Она позвонила в городской суд Мальмё и попросила прислать ей копию приговора.
Потом поискала сведения об американце, который рассказал о налете на инкассаторов в Боткирке, но ничего не нашла.
Подперев рукой подбородок, Анника бесцельно уставилась на экран.
Как же тогда получилось, что информация об этом американце просочилась в прессу? Если какой-то представитель преступного мира вдруг начинает говорить, то его слова становятся достоянием всех СМИ.
"Это что-то сверхъестественное".
Зачем Давид Линдхольм рассказал, что добыл информацию о нападении на инкассаторов именно у этого заключенного? Правда ли это? И если да, то действительно ли Давид сделал эту информацию доступной?
"И что потом случилось с этим американцем?"
Она даже не знает его имени.
Анника вошла на сайт национальной организации исполнения наказаний и нашла там номер телефона тюрьмы Тидахольм. Дозвонилась до дежурного и попросила связать ее с офицером по связям с прессой, и ее перенаправили в канцелярию.
- Наш пресс-секретарь уже ушел домой, рабочий день кончился, - ответил ей один из надзирателей.
- Какой стыд, - преувеличенно огорчилась Анника. - Значит, мы можем неправильно это осветить в завтрашнем выпуске.
- Что? - не понял надзиратель.
- Речь идет об одном американском уголовнике, который отбывает у вас пожизненное заключение. Он был когда-то дружен с Давидом Линдхольмом. Тебе наверняка знакомо это имя. Завтра в газете будет напечатана статья о нем, и мне хотелось проверить, верны ли наши сведения, так как это дело кажется мне весьма странным…
- Но его сейчас здесь нет, - повторил надзиратель.
- Кого, представителя по связям с прессой?
- Нет, американца.
Анника несколько мгновений молчала, переваривая услышанное.
- Вот видишь!
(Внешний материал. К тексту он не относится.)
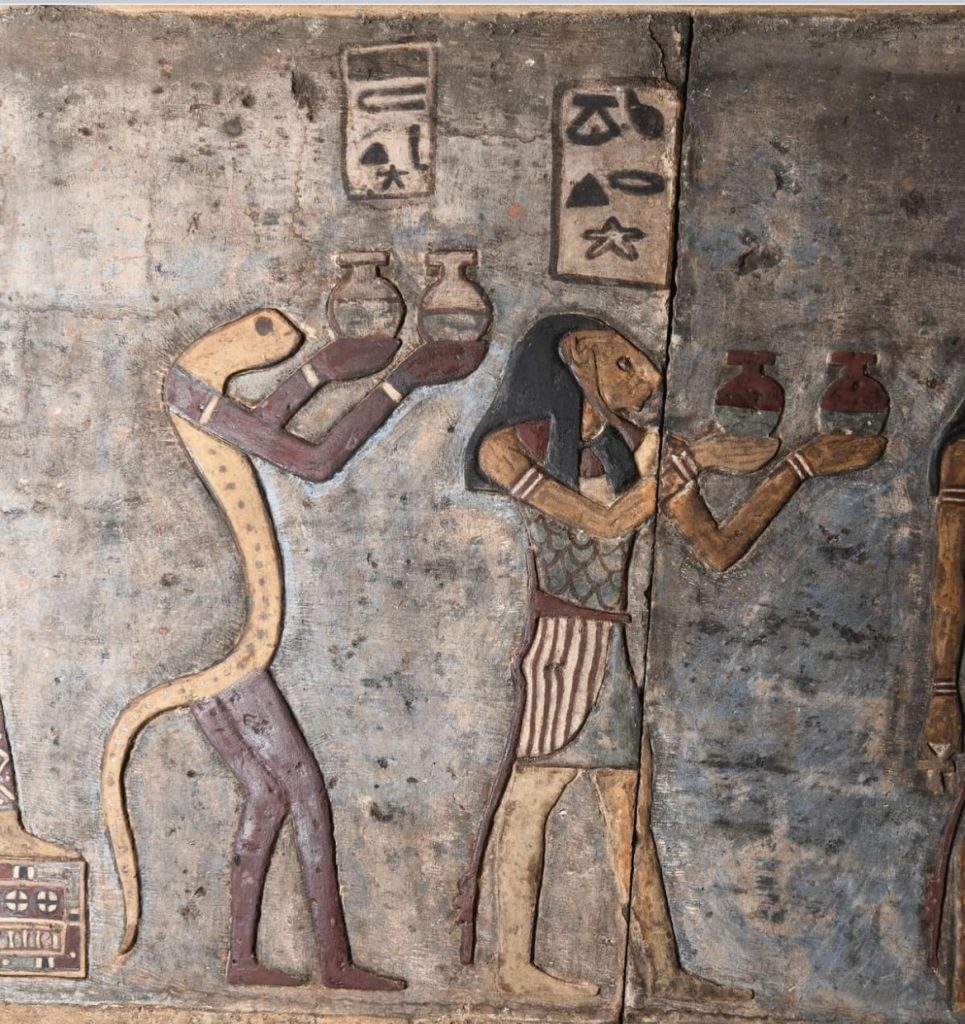 As for the German side, Christian Leitz, the mission’s leader, reported that several signs showing Egyptian gods and creatures, such as snakes and crocodiles, were also an important part of the discovery. There were pictures of a serpent with a ram head, a bird with a crocodile head, and a serpent tail.

Я так и знала. Журналист, который писал эту статью, все неправильно понял. Он написал, что этот американец все еще сидит в Тидахольме.
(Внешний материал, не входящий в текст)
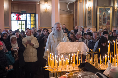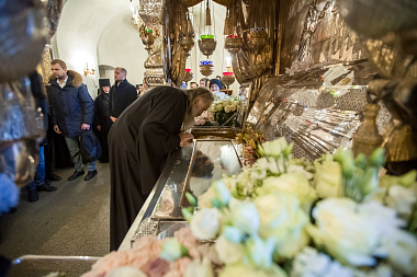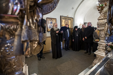 Далее насельницы обители сопроводили архипастыря к мощам блаженной Матроны Московской, где было совершено славление и прочитана молитва святой старице.

- Нет, не сидит. Его перевели сразу после несчастного случая.
"Несчастного случая?"
- Ну конечно же! - воскликнула Анника. - Естественно, после этого он к вам уже не вернулся.
- Кроме того, я не стал бы употреблять выражение "дружен". Давид Линдхольм был его, так сказать, опекуном, а это большая разница.
- Да, да, опекуном, - согласилась Анника, записав это слово. - Верно.
- О чем эта статья? - спросил надзиратель, и в его голосе послышались нотки проснувшейся подозрительности.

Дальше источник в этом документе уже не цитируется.